IMG_20130514_144704About ten years ago, Dr. Peter Cha was approached by 2nd and 3rd generation Asian American pastors serving in northern Virginia and Maryland area. They were concerned at the number of their seminary peers who were no longer serving in ministry after two to five years. They were concerned as well for themselves, who teetered often on the line of leaving ministry too. These young pastors wanted Cha’s help in organizing a retreat for them to gather, with hopes to be mentored by older pastors and supported for longer ministry. Cha asked them to decide what theme or framework they particularly wanted to address in their time together. Anticipating topics such as “how to succeed in ministry?” or “how to be a vision-casting leader?” in Asian American contexts, Cha was surprised when the pastors called with their answer. Brokenness.
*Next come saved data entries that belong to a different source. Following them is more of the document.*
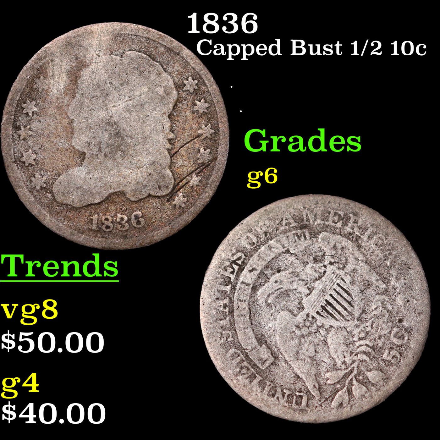 1836 Capped Bust Half Dime 1/2 10c Grades g+.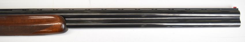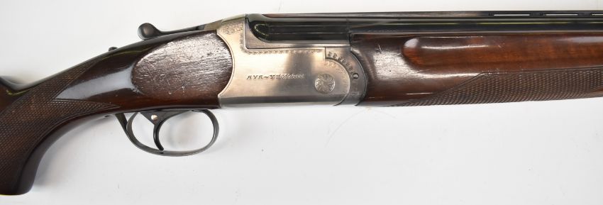 AYA Yeoman 12 bore over and under ejector shotgun with named locks and underside, chequered semi-pistol grip and forend, single trigger, vented top rib and 28 inch barrels choked ¼ and ½, overall length 113.5cm, length of pull 35.5cm, serial number 102832. PLEASE NOTE THAT A VALID RELEVANT SHOTGUN CERTIFICATE IS REQUIRED TO VIEW OR PURCHASE THIS LOT AND FOR ALL SHOTGUNS OR RIFLES. PLEASE ENSURE YOU HAVE THE RELEVANT CERTIFICATE BEFORE BIDDING.
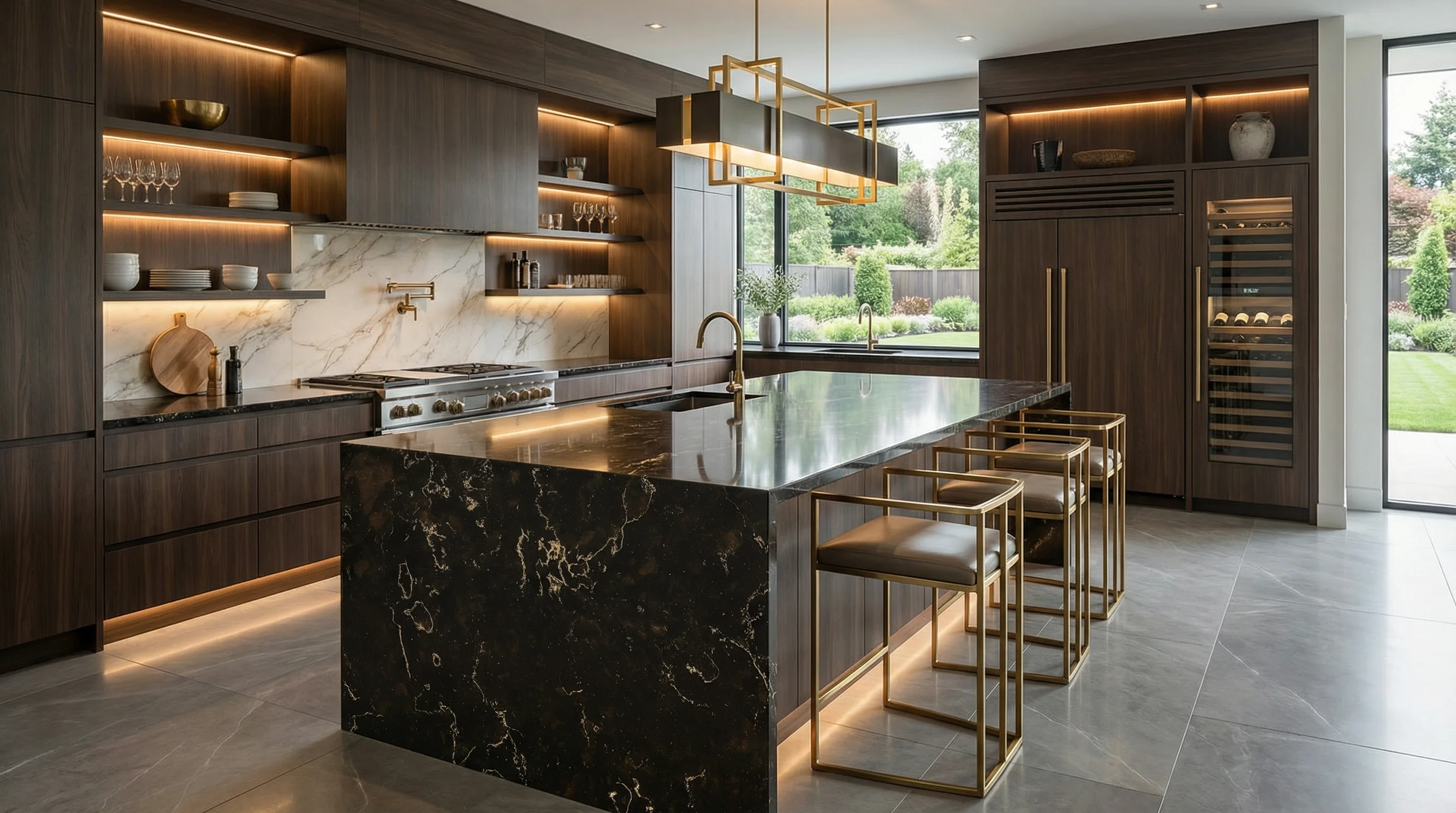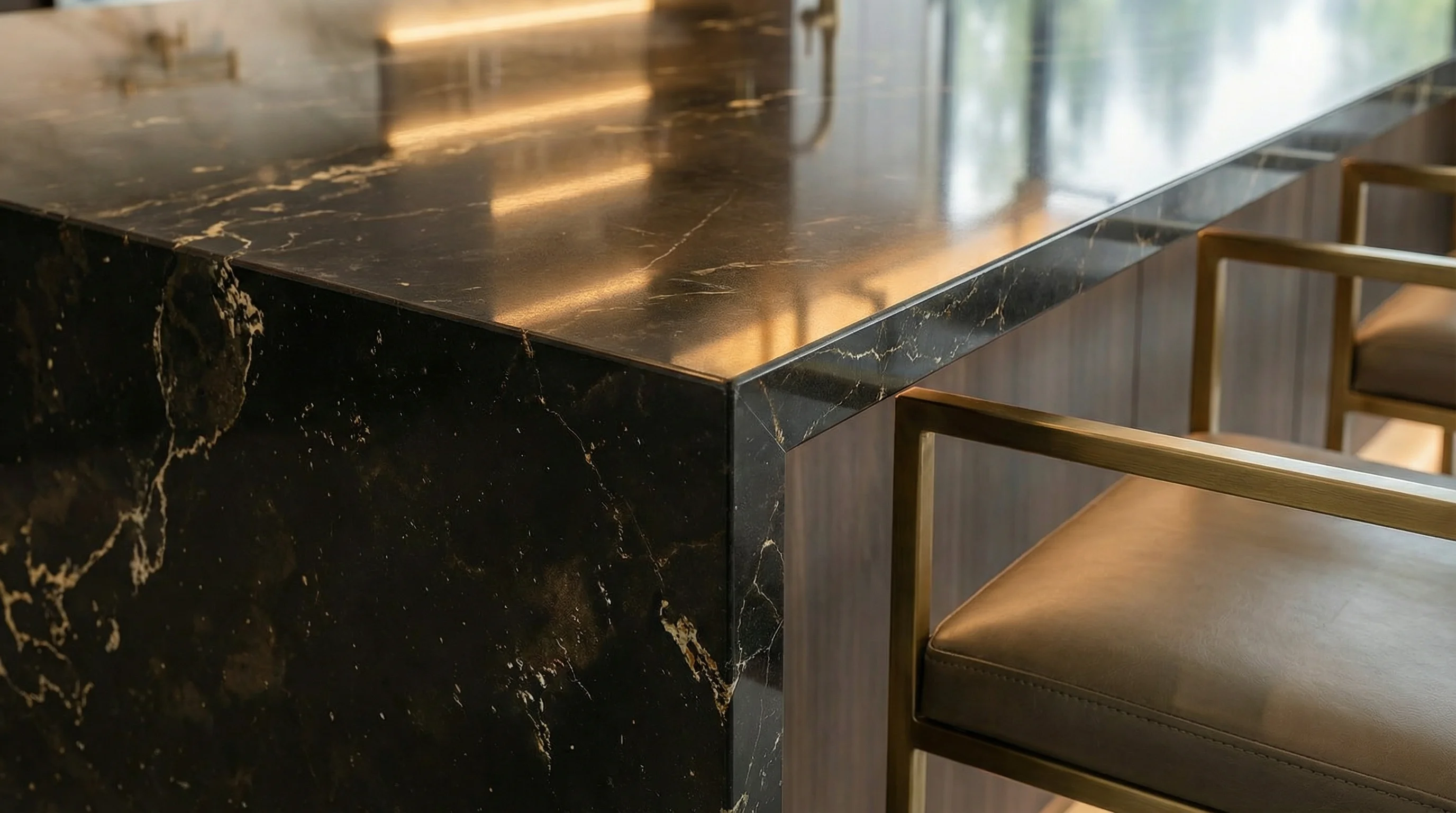 Выбор этого материала — это инвестиция в безупречный стиль и качество. Его темная, глубокая палитра с роскошными золотыми акцентами идеально впишется в современные и классические интерьеры, добавляя пространству ноту благородства и изысканности. Будь то кухонный остров или барная стойка, эта поверхность неминуемо притягивает внимание, создавая атмосферу уверенной роскоши и комфорта.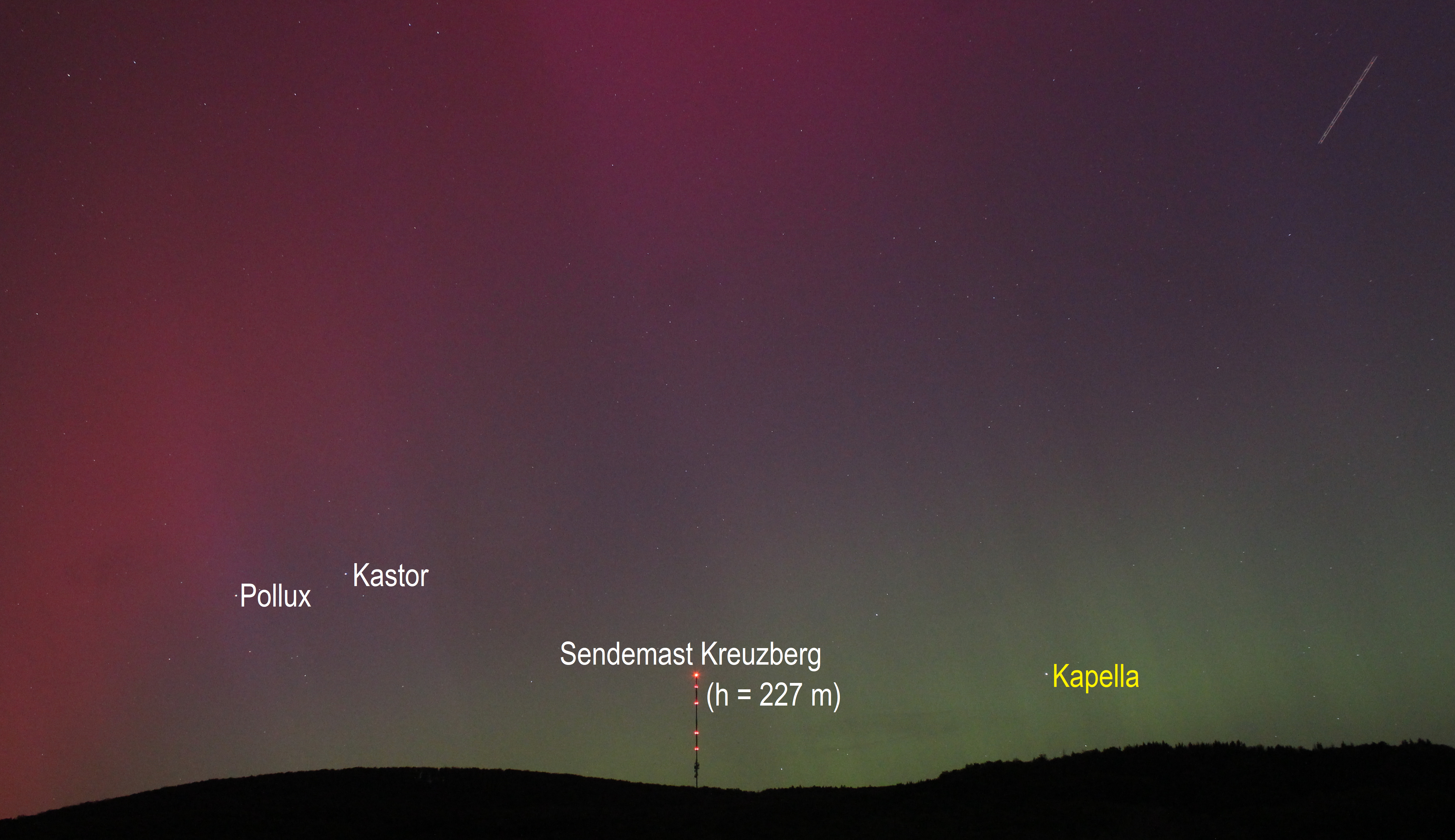 Leserbilder Astronomie: Polarlicht über dem Kreuzberg in der Rhön (Objekte beschriftet)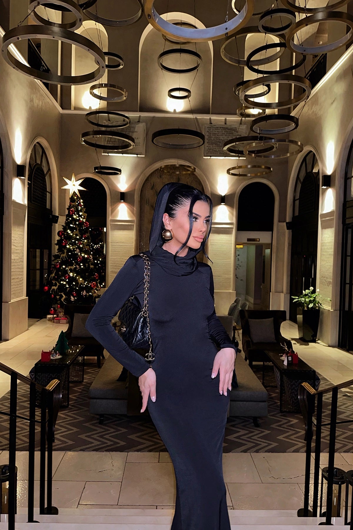 Black Basic Long Dress Size S is used in the image. Made from Sandy Fabric Dress Length: 148cm Bust: 36cm Model Measurements Height: 160 Weight: 50 Chest: 80 Waist: 62 Hip: 94
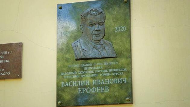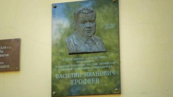 Доска появилась на здании художественно-графического факультета КГУ Инициаторами этого события стали комитет культуры и туризма города Курска, Курское региональное отделение Союза художников России и КГУ. Автором барельефа является скульптор, заслуженный художник РФ Николай Криволапов. На работу ушло около трех лет, Криволапов выполнил проект безвозмездно. Василий Ерофеев был народным художником России, членом Союза художников СССР и России, а также международной ассоциации изобразительных искусств АИАП Юнеско. Он был лауреатом премии губернатора Курской области имени А. А. Дейнеки и победителем конкурса «Человек года». Ему было присвоено звание «Почетный работник высшего профессионального образования», а в прошлом году - «Почетный гражданин Курска». Работы Ерофеева находится в государственных картинных галереях, художественных музеях и частных коллекциях в России и за рубежом.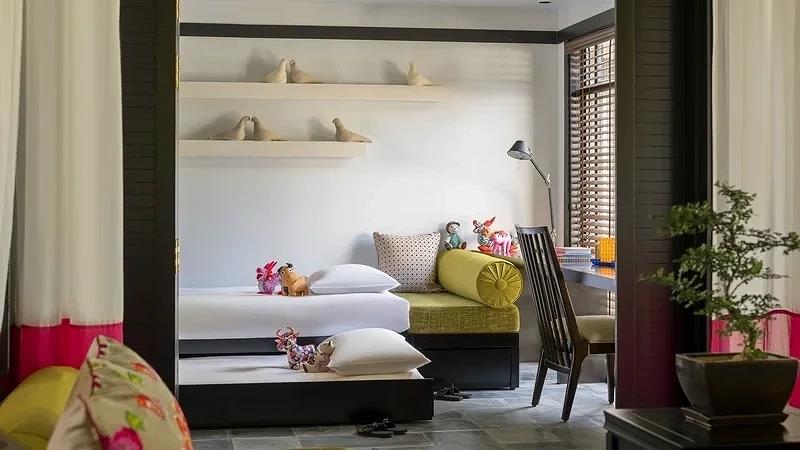 Family Villa: ( 1 giường lớn, và 1 trundle bed kiểu giường twin, có 1 giường nhỏ dính nhau, search google có ảnh)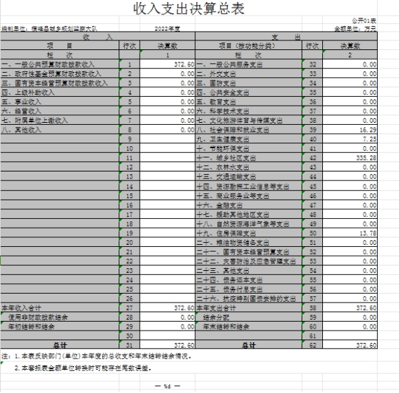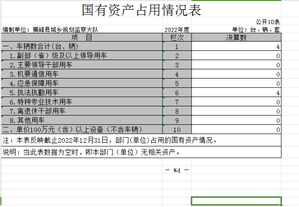 橫峰縣城鄉規劃監察大隊2022年度決算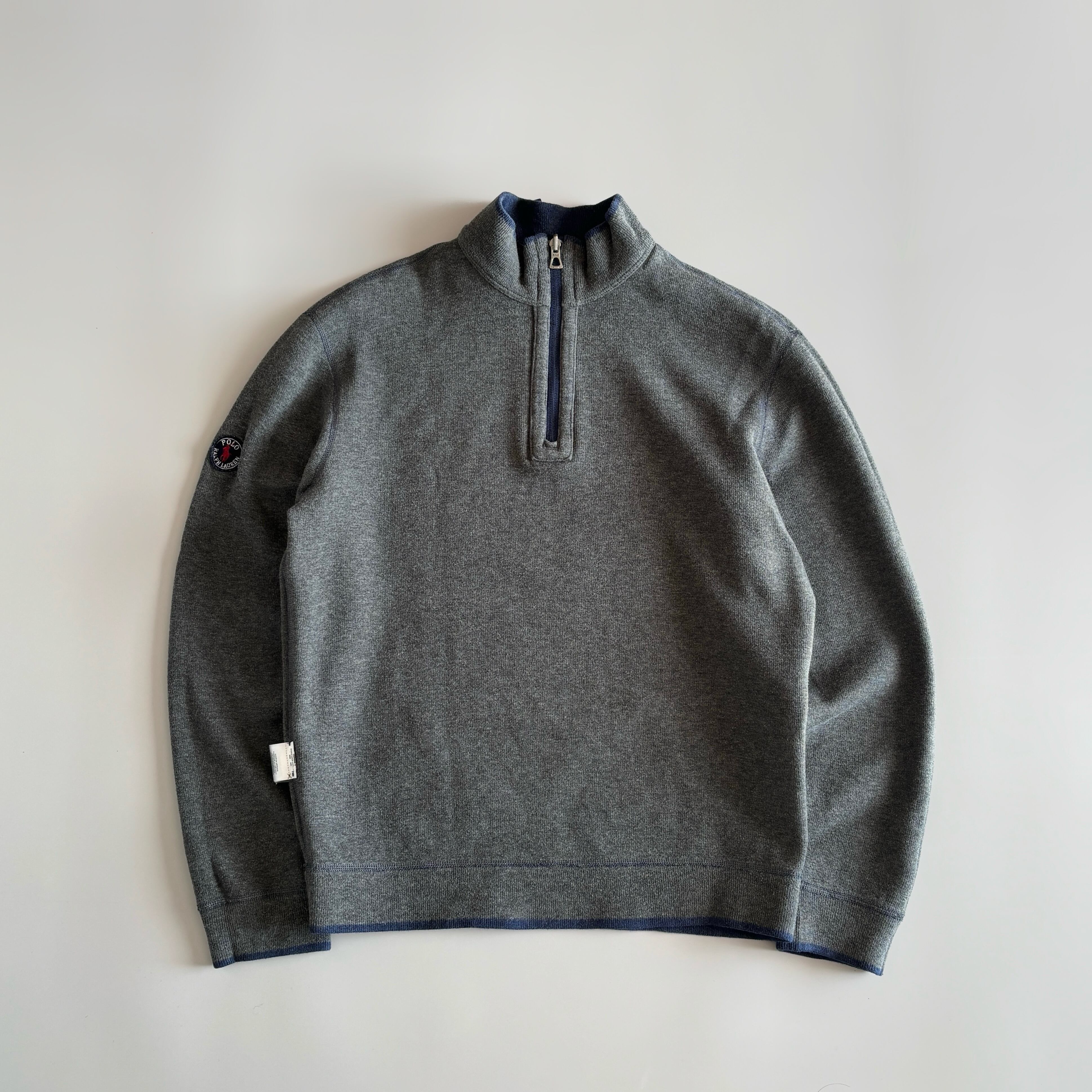フロントから見ると無地のハーフジップスウェット。高級感のあるジップも持ち手にはPOLOの刻印、袖にはフェルト生地ワッペンロゴ刺繍入り、さりげなく良いアクセント。

The young pastors asked for a pastoral and theological conversation on three types brokenness: brokenness in themselves, their congregations, and Asian American communities outside of their churches. They asked, how do we minister in these contexts with authenticity alongside meeting with God who is the source of our hope? Cha and some of his colleagues organized three modules as three to four day retreats, completed over 18 months.

The majority of the young pastors who gathered for the retreat grew up in predominantly white schools. They pursued theological education in seminaries where they continued to remain in the minority, surrounded by a sea of white faces and always remaining invisible in the kinds of questions, contexts, and theological inquiry which concerned their fellow peers. Yet, following seminary education, each pastor stepped into visible leadership of their churches, feeling incredibly inadequate to minister out of who they were, which was confused and broken.

Additionally, Cha discovered that with each of the pastors, they had experienced some sort of conflict with their parents due to language and cultural barriers or power dynamics between the generations. During the first module, Cha invited a counselor to facilitate group counseling sessions that were interactive. Gathering the pastors, the counselor invited each when they were ready to get up from their seat in the circle. They were invited to stand behind their chair, assume their father’s voice, and introduce themselves to the group as their father. During the exercise, “a sense of ambivalence and unresolved conflicts flooded out,” Cha recounted. Their unresolved wounds from tensions and conflicts experienced specifically in Asian American families were preventing them from ministering to their broken congregations. Through engaging and healing their own brokenness, the pastors could look at the pains of their congregations and surrounding communities with new eyes of mercy and justice as “wounded healers.”

Cha suggested that Asian American pastors and churches need to regularly engage these concentric circles of reflections. How are we doing in our own family interactions around generational interactions? How does a church generate and facilitate that conversation for congregational and familial healing? How do Asian American pastors walk through healing for intergenerational wounds and invisibility in majority culture “so that as a witnessing we might be channels of God’s grace and reconciliation to the world beyond us?”

Cha highlighted that it was by acknowledging the wounds and their sources, and lamenting the pain, that pastoral transformation can occur. Hope in the midst of brokenness did and can appear through this process. As Asian American pastors embrace God’s healing in their lives, they become healthier leaders and more enabled to shape and lead healthy churches.